New Federal Evidence Rule 502 Limits Inadvertent and Subject Matter Privilege Waivers

November 24, 2008
by MEREDITH DuBARRY HUSTON
MGKF News Flash

A new protection against waivers of privilege should be welcome news for clients involved in litigation matters. In the era of electronic discovery, where large volumes of data are exchanged in litigation, privilege reviews have become increasingly expensive. Federal Rule of Evidence 502, which went into effect on September 19, should help to curtail the costs associated with such reviews by protecting against the forfeiture of a privilege when a disclosure is the result of an innocent mistake. Further, by effectively eliminating subject matter waiver, Rule 502 resolves a divergence of authority among the federal courts concerning the scope of a waiver.

Under Rule 502 inadvertent disclosures of privileged information in a federal court or federal administrative proceeding do not waive a privilege where the privilege holder acts promptly to retrieve the inadvertently disclosed documents and takes reasonable steps to prevent disclosure. What remains to be seen is how the courts will interpret whether a response to an inadvertent waiver has been sufficiently "prompt" or whether steps taken to prevent disclosure were "reasonable."

Pursuant to Rule 502, the voluntary disclosure of privileged information results in a waiver of the information actually disclosed, but does not automatically constitute a subject matter waiver. Prior to Rule 502, the production of a single protected document in some jurisdictions could result in a waiver of attorney-client privileged communications and work-product not only as to that document, but also as to all related material—and not only in the case in question, but also in all other matters. Under Rule 502, subject-matter waivers are reserved for "unusual situations in which fairness requires a further disclosure of related, protected information."

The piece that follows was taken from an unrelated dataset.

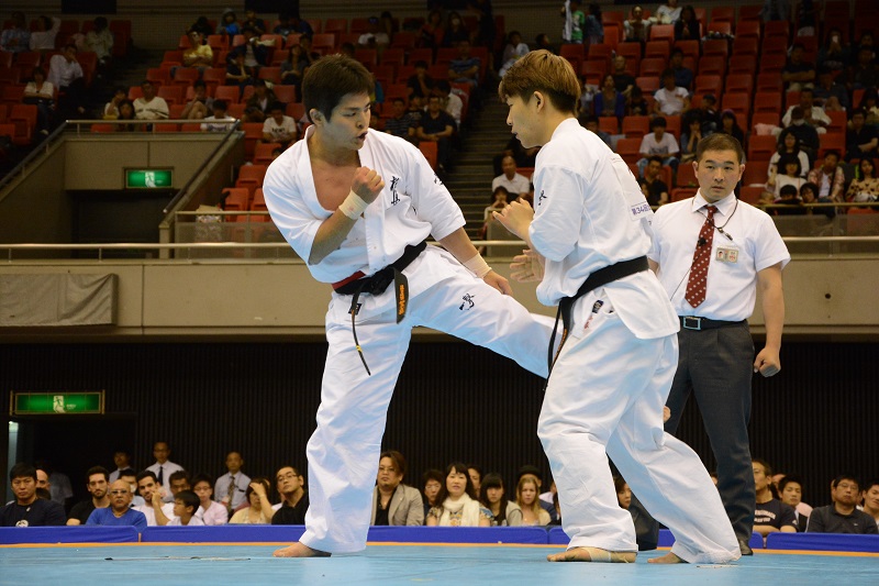 まず軽量級はゼッケン1番のベイ・ノア(東京城北支部)と昨年ベスト8の亘和孝(東京城西支部)の決勝戦となり、亘が本戦終盤に中段突きで技有りを取って優勢勝ちで初優勝。中量級は優勝候補と見られていた原田祐光(本部直轄浅草道場)と多田将太朗(城西世田谷東支部)が2日目の予選で敗退して姿を消し、決勝には昨年同級3位の樋口知春(東京城北支部)と2011年第28回大会同級優勝者で昨年は軽重量級2位の竹岡拓哉(東京城西支部)が勝ち上がり、本戦で樋口の胴廻し回転蹴りをかわした竹岡が転倒した樋口に下段突きを決めて、これが技有りとなり優勢勝ち。竹岡は6年ぶり2度目の優勝となった。

Federal courts can now enter orders under Rule 502(d) providing that disclosure of privileged or protected material under "quick peek" agreements (allowing each side to review the other’s universe of documents before determining the scope of production) or "clawback" agreements (providing for the return of mistaken disclosures) does not constitute a waiver. Rule 502(d) also allows courts to enter a non-waiver order that will bind nonparties. Rule 502 provides reassurance that agreements regarding disclosures in one case will not be second-guessed by a judge in a subsequent action.

State courts in subsequent state proceedings are required to honor Rule 502 determinations made at the federal level. If there is a disclosure in a state proceeding, then admissibility in any subsequent federal proceeding is determined by the law that is most protective against waiver. Rule 502 does not apply to disclosures made in a state proceeding that are later introduced in subsequent state proceedings.

The new rule applies to all cases filed after September 19 and, "in so far as is just and practicable," to all pending cases.